Overbaking is the most common mistake when making pumpkin pie, leading to a cracked surface and a dry, crumbly texture. The key is to remove the pie from the oven when the edges are set, but the very center still has a slight, solid wobble. This “solid jiggle” means the custard is almost set and will continue to firm up as it cools. A perfectly baked pie will be incredibly smooth and creamy.
Chill Thoroughly
Patience is a virtue when it comes to pumpkin pie. Allowing the pie to cool completely at room temperature, and then chilling it in the refrigerator for at least 4 hours (or ideally overnight), is crucial. This chilling process allows the custard to fully set, ensuring clean slices and enhancing the flavors of the spices. Rushing this step can result in a pie that is difficult to slice and less enjoyable to eat.
Pie Crust Protection is Key
To prevent your beautiful pie crust from becoming overly browned or even burnt while the filling bakes, it’s essential to protect the edges. Using aluminum foil strips to gently “tent” around the crust is a classic method. For an easier and more reliable option, invest in a reusable metal or silicone pie crust shield. This simple step ensures your crust is golden and flaky, not charred.
Serving Suggestions and Variations
This dairy-free and soy-free pumpkin pie is absolutely magnificent on its own, but you can elevate the experience even further with a few simple additions:
- Dairy-Free Whipped Topping: A generous dollop of dairy-free whipped cream (made from coconut cream or other plant-based alternatives) adds a cloud-like texture and extra indulgence.
- Dusting of Spices: A light dusting of ground cinnamon, nutmeg, or a pinch of pumpkin pie spice on top of each slice enhances the aromatic appeal.
- Caramel Drizzle: For those who enjoy a sweeter touch, a drizzle of homemade dairy-free caramel sauce can be a delightful addition.
- Non-Dairy Ice Cream: Serve a warm slice alongside a scoop of your favorite non-dairy vanilla or cinnamon-flavored ice cream for a truly decadent dessert.

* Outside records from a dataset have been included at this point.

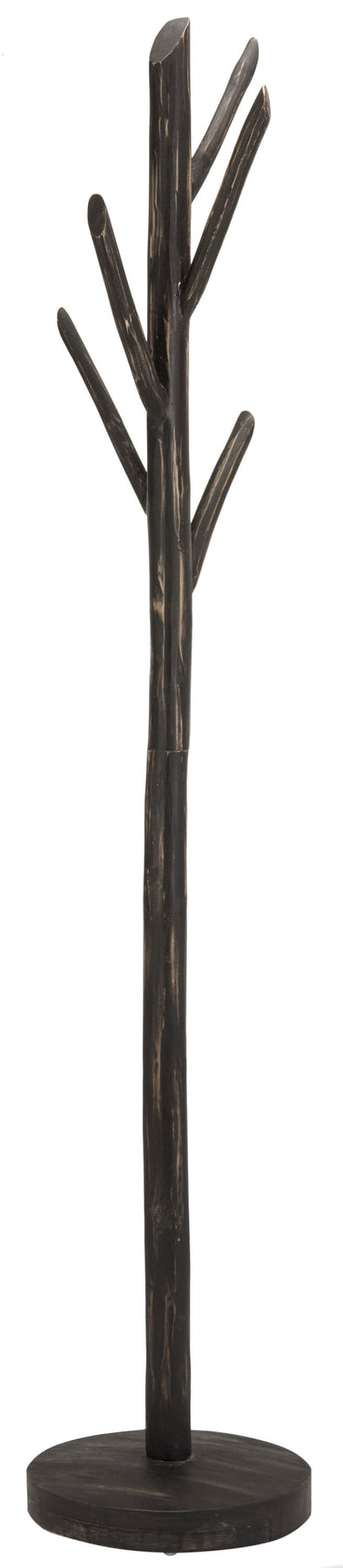 A contemporary tree-branch coat and hat rack crafted from teak with a distressed black finish. This freestanding stand offers five hooks and compact footprint for stylish, flexible storage in entryways, halls, or offices.
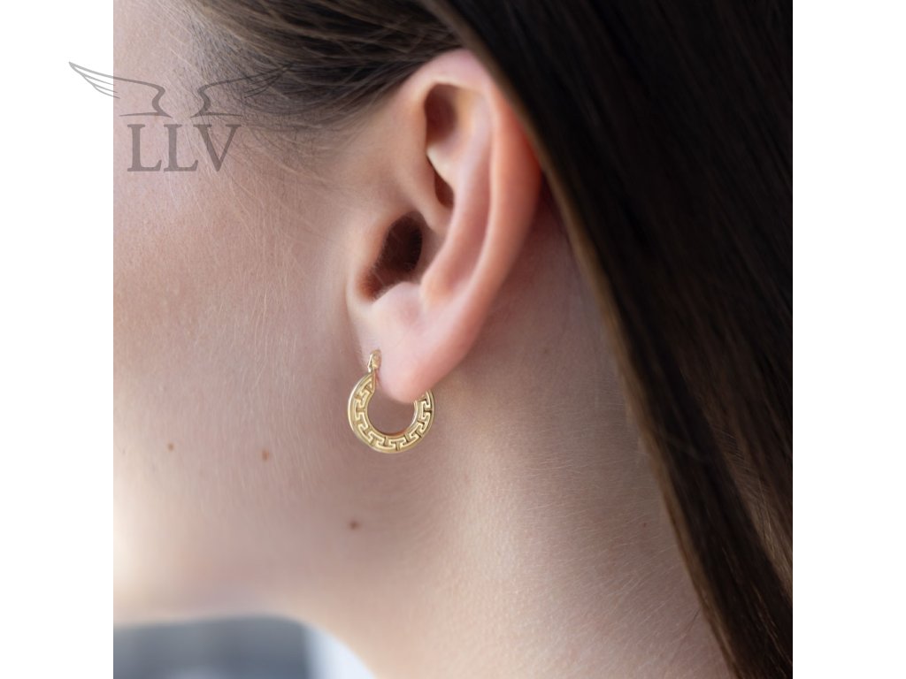 Zlaté krúžkové náušnice s gréckym vzorom LLV31-GER069
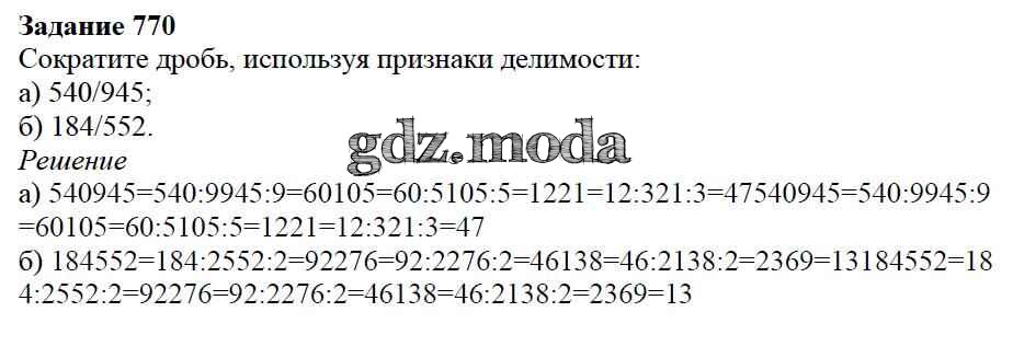 ОТВЕТ на задание № 770 Учебник по Математике 5 класс Дорофеев
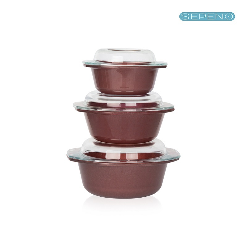 - 3 قابلمه پیرکس با سایزهای 18 و 22 و 26 سانتی متر
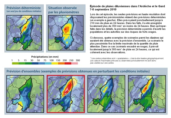 Panel de scénarios de prévision lors d'un épisode de fortes pluies en Ardèche - Météo France
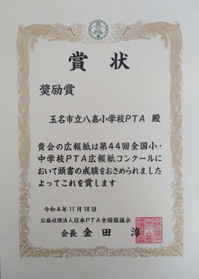 また、全国小・中学校PTA広報紙コンクールで、奨励賞の受賞、誠におめでとうございます。
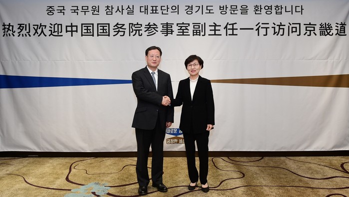 이화순 경기도 행정2부지사는 21일 저녁 수원 노보텔에서 중국 국무원 참사실 장옌통 부주임을 만나 경기도와 중국 간 교류확대와 협력 강화 방안에 대해 논의했다.
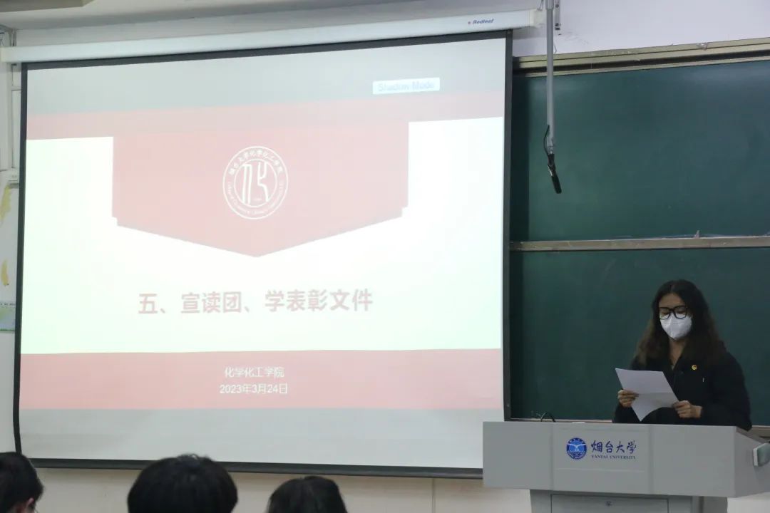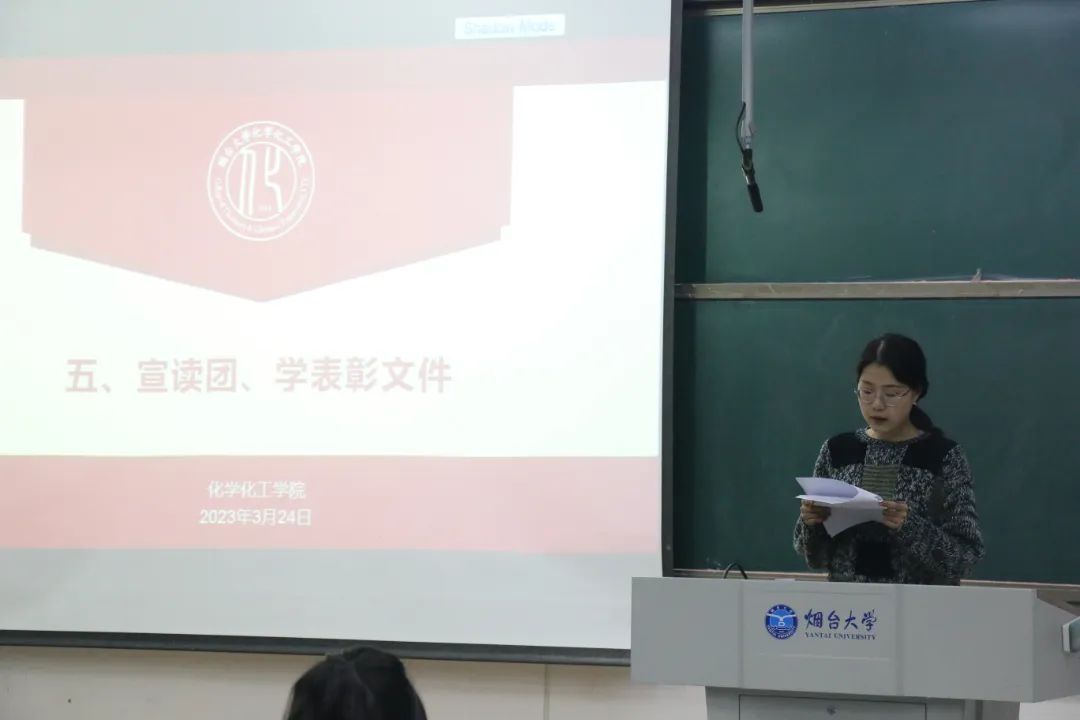 随后,赵锦泽老师和赵颖老师分别代表院团委、院学工组宣读了化学化工学院共青团表彰文件和学生服务教育管理工作表扬文件,表彰了在上学期在学院学工工作中表现优异的学生集体和个人。

Feel free to experiment with a touch of vanilla extract or a hint of bourbon in the filling mixture before baking for an extra layer of flavor complexity. These small tweaks can personalize the pie to your taste preferences while keeping it allergy-friendly.
Storage and Make-Ahead Tips
This pie is perfect for holiday planning as it can be made in advance. Once completely cooled, cover the pie loosely with plastic wrap or aluminum foil and store it in the refrigerator. It will stay fresh and delicious for 3-4 days. This makes it an ideal dessert to prepare a day or two before your big gathering, allowing you more time to enjoy your guests and the festivities. Leftovers, if any, are a delightful treat for breakfast or an afternoon snack!